C'est une numération de position, les dix chiffres arabes : 0 1 2 3 4 5 6 7 8 9 servant à compter unités, dizaines, centaines ... de la droite vers la gauche. Contrairement à la numération romaine, les chiffres arabes n'ont pas les mêmes valeurs selon leur position dans le nombre : ainsi, dans 111, le premier 1 signifie 100, le deuxième signifie 10 et le troisième 1. Alors que dans VIII (huit en chiffres romains), les trois I signifient tous Un.

[] Choix de la base

C'est un choix naturel dicté par le nombre des doigts des deux mains, ce format est largement utilisé dans la vie courante. La persistance d'autres systèmes dans l'énonciation (onze et non pas dix-et-un, quatre-vingts plutôt que huitante ou octante) ajoute à la difficulté d'apprentissage des nombres.

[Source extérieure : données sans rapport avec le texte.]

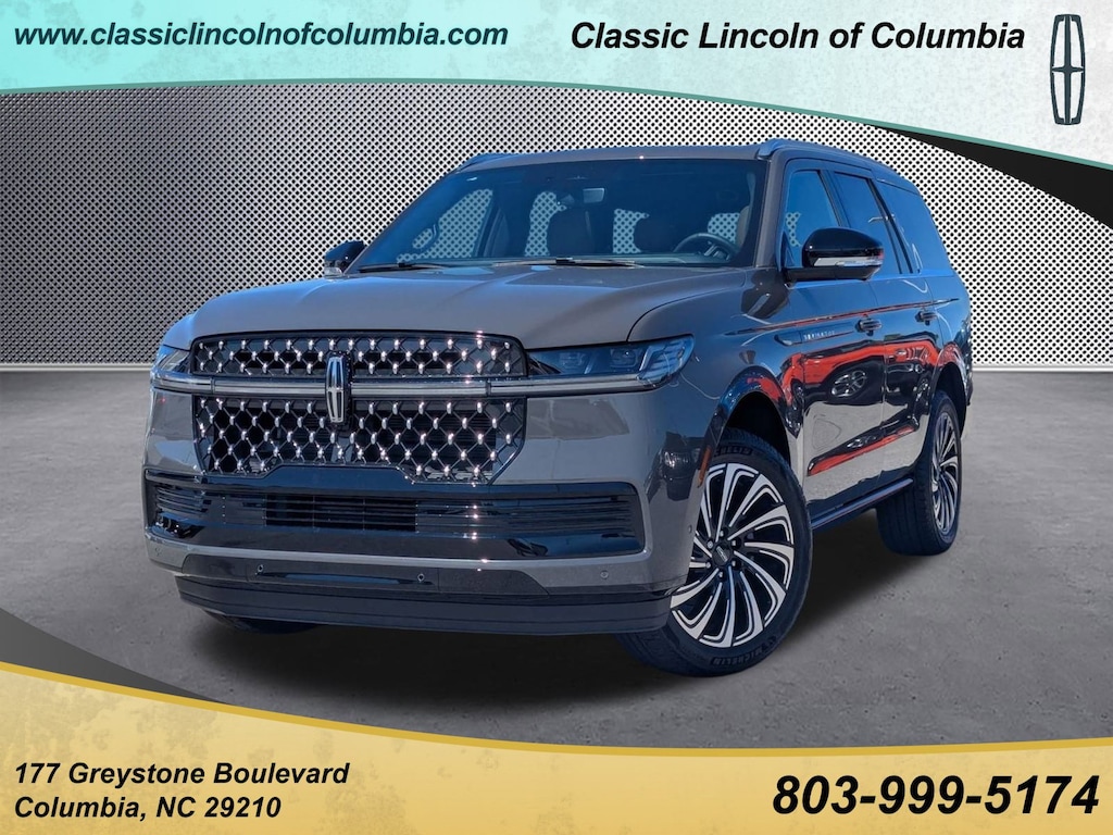 Recent Arrival! Extended Service Programs Available, 4WD, Warm Horz Lthr Leather, 28 Speakers, 3rd row seats: split-bench, 4-Wheel Disc Brakes, A/V remote, ABS brakes, Adaptive suspension, Adjustable pedals, Air Conditioning, Alloy wheels, AM/FM radio: SiriusXM with 360L, Apple CarPlay/Android Auto, Audio memory, Auto High-beam Headlights, Auto Htd & Ventilated Opulence Lthr Capt Chair, Auto Start-Stop Technology, Auto tilt-away steering wheel, Auto-dimming door mirrors, Auto-dimming Rear-View mirror, Auto-leveling suspension, Automatic temperature control, Brake assist, Bumpers: body-color, Compass, Delay-off headlights, Driver door bin, Driver vanity mirror, Driver's Seat Mounted Armrest, Dual front impact airbags, Dual front side impact airbags, Electronic Stability Control, Emergency communication system: 911 Assist, Enlighten Theme, Exterior Parking Camera Rear, Four wheel independent suspension, Front anti-roll bar, Front Bucket Seats, Front dual zone A/C, Front reading lights, Fully automatic headlights, Garage door transmitter, Head restraints memory, Headphones, Heated door mirrors, Heated front seats, Heated rear seats, Heated steering wheel, HVAC memory, Illuminated entry, Leather steering wheel, Lincoln Connect, Lincoln Premium Connectivity, Low tire pressure warning, Memory seat, Navigation system: Connected Navigation (1-year trial), Occupant sensing airbag, Outside temperature display, Overhead airbag, Overhead console, Panic alarm, Passenger door bin, Passenger seat mounted armrest, Passenger vanity mirror, Pedal memory, Power adjustable front head restraints, Power adjustable rear head restraints, Power door mirrors, Power driver seat, Power moonroof: Panoramic Vista Roof, Power passenger seat, Power steering, Power windows, Radio data system, Radio: Revel Ultima 3D AM/FM/HD Audio System, Rain sensing wipers, Rear air conditioning, Rear anti-roll bar, Rear audio controls, Rear reading lights, Rear seat center armrest, Rear window defroster, Rear window wiper, Reclining 3rd row seat, Remote keyless entry, Security system, SiriusXM w/360L, Speed control, Speed-sensing steering, Speed-Sensitive Wipers, Split folding rear seat, Spoiler, Steering wheel memory, Steering wheel mounted audio controls, Tachometer, Telescoping steering wheel, Tilt steering wheel, Traction control, Trip computer, Turn signal indicator mirrors, Variably intermittent wipers, Ventilated front seats, Ventilated rear seats, Wheels: 22 High-Gloss Ebony Aluminum, 4WD, Warm Horz Lthr Leather.2025 Lincoln Navigator Black Label Gray 4WD 10-Speed Automatic 3.5L V6Drivers in the greater Columbia SC rely on us for their next new or Lincoln Certified Pre-owned vehicle and automotive needs because we treat them like family. Customers make the trip from Lexington, Orangeburg, and Sumter because we are the new Lincoln dealership in the area that not only provides an array of quality products and services, but customer care that is unmatched! Here, at the Classic Lincoln of Columbia deal, you can count on the integrity of our Lincoln Certified Pre-owned vehicle collection.While every reasonable effort is made to ensure the accuracy of this information, it is the customers responsibility to verify price, vehicle equipment and availability with Classic Lincoln of Columbia. Price shown does include $699.00 closing fee but not applicable taxes, tag fees, and dealer installed accessories.

Ce système est propre à l'écriture des nombres, mais dans la pratique orale, un autre système, plus complexe, est utilisé : il s'agit d'un système dont la base est le nombre 1000 et ses puissances. Les grands nombres sont donc souvent séparés à l'écriture par groupe de trois chiffres (et quatre dans l'adaptation japonaise de ce système), de manière à faciliter leur lecture : 12 345 678, 12.345.678 ou 12,345,678, mais la signification du point et de la virgule diffère selon les pays, entraînant des risques de contresens. Les deux dernières notations sont d'ailleurs considérées comme incorrectes en France.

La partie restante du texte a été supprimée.